何が起きているのかはわからないけど、私が狙われているのは、わかる。
「護衛します。今すぐここを離れましょう。ティンバー様なら、貴女を保護してくれるはずです」
彼は結界の魔法を維持したまま、私の手を取った。
「ま、待って下さい。この人はどうするんですか?」
「任務が優先です」
感情を押し殺したような、抑揚のない声だった。
「それって……」
「貴女をお守りすることです。さあ、早く」
魔法使いが私の手を引っ張り、移動を促す。フードの隙間から見えたその顔は唇を引き結んでいて、悲しみを堪えているように思えた。

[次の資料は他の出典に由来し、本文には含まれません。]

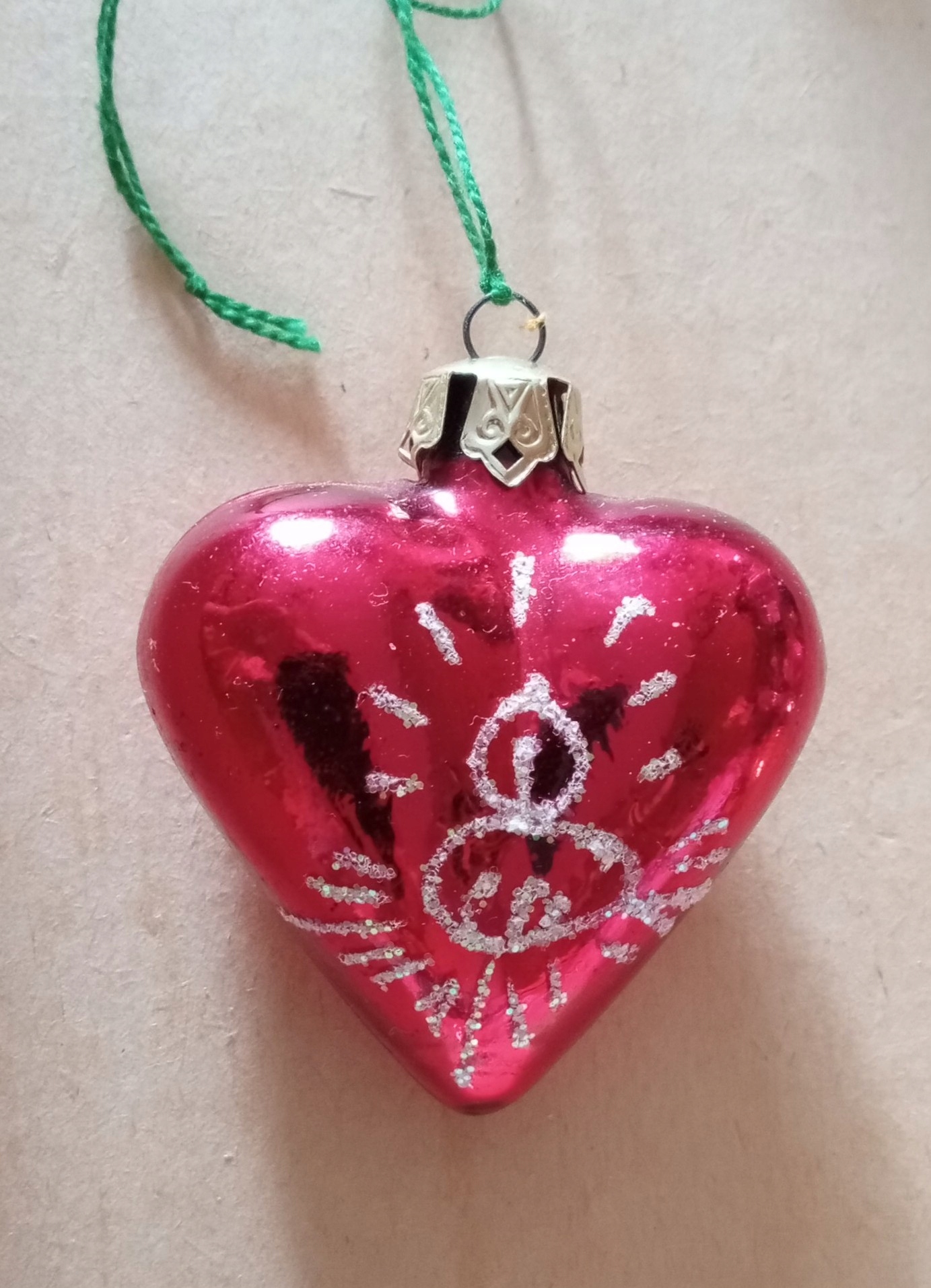 STARA ozdobna BOMBKA na choinkę SERCE PRL-u czerwone
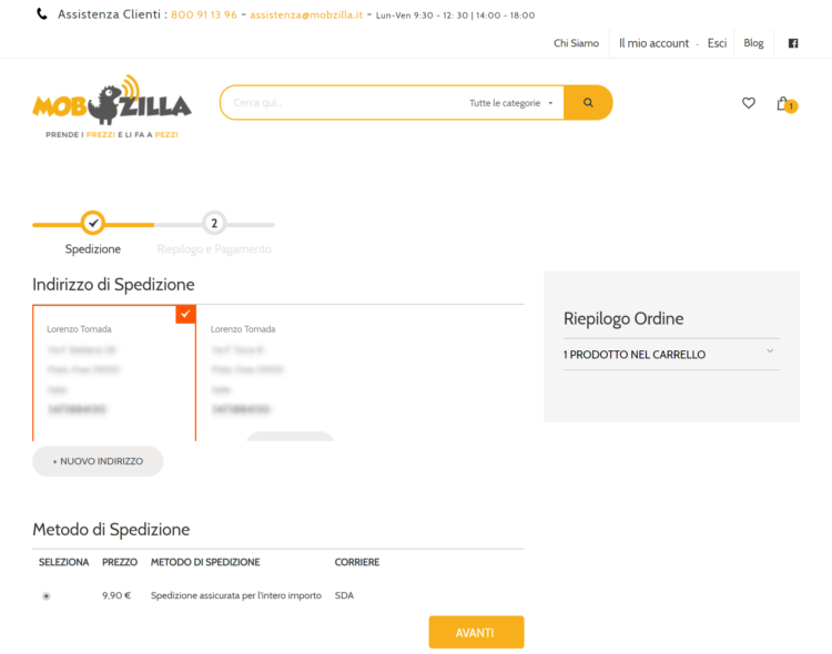 dall’inserimento dell’indirizzo di spedizione, per me diverso rispetto a quello di fatturazione, e alla sua tipologia (corriere espresso SDA)

背後で、男たちが結界に向かって剣を振り下ろしている。光の結界にヒビが入り、みしりと嫌な音を立てた。
――時間がない。
私はぐいっと力を込めて、魔法使いの手を振り払った。
「いけません。この人を置いていったら、リオネル様はきっと悲しむから」
無表情に見えて、情に厚い人だと私は知っている。この魔法使いも同じだったのか、身を震わせながら座り込んだ同僚を眺めていた。
「あなたはここに残って、この人を助けてください。私は一人で逃げます」
私は魔法使いに有無を言わさず、素早く杖を向けると彼と同じ結界魔法を発動させた。それはふたりを光の球体の中に封じ込め、強制的にこの場に残らざるを得ないようにするもの。
「アメリアさんっ!」
閉じ込められた魔法使いが結界の中から抗議をする。
「ごめんなさい」
それは目の前の彼への謝罪であり、「無茶ばかりする」と言ってくれたリオネル様への謝罪でもあった。
強い雨の中で、覚悟を決める。魔法使いによる最初の結界は、今にも崩れ落ちてしまいそうな程にひび割れていた。
杖を改めて握る。
ぱりんと、薄いガラスが割れたような音。続いて水を跳ね上げて走ってくる足音が聞こえてくる。
「魔法使いはいい。女を追いかけろ!」
「アメリアさん!」
私は魔法使いの声を振り切り、雨の路地を駆けた。